» MATERIAL SUPPLIED
· · · ·

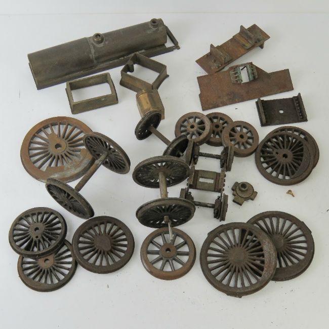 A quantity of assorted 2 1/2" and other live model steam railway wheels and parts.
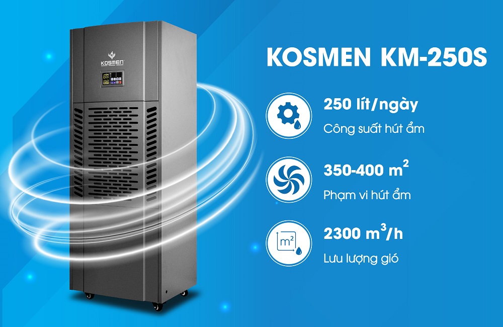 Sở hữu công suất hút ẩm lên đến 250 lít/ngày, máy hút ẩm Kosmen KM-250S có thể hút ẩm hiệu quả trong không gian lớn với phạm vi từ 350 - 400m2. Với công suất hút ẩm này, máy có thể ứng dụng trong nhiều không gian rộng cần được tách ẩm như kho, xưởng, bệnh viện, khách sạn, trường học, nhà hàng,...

· · · ·

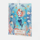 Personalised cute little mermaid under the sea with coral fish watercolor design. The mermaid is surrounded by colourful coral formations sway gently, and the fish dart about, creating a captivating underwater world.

· · · ·

» WHAT THE TASK ASKS
The answer is the lines above from the one with "A quantity of" to the one with "Sở hữu công", set down exactly, with no pictures.

» OUTPUT BELOW
 A quantity of assorted 2 1/2" and other live model steam railway wheels and parts.
 Sở hữu công suất hút ẩm lên đến 250 lít/ngày, máy hút ẩm Kosmen KM-250S có thể hút ẩm hiệu quả trong không gian lớn với phạm vi từ 350 - 400m2. Với công suất hút ẩm này, máy có thể ứng dụng trong nhiều không gian rộng cần được tách ẩm như kho, xưởng, bệnh viện, khách sạn, trường học, nhà hàng,...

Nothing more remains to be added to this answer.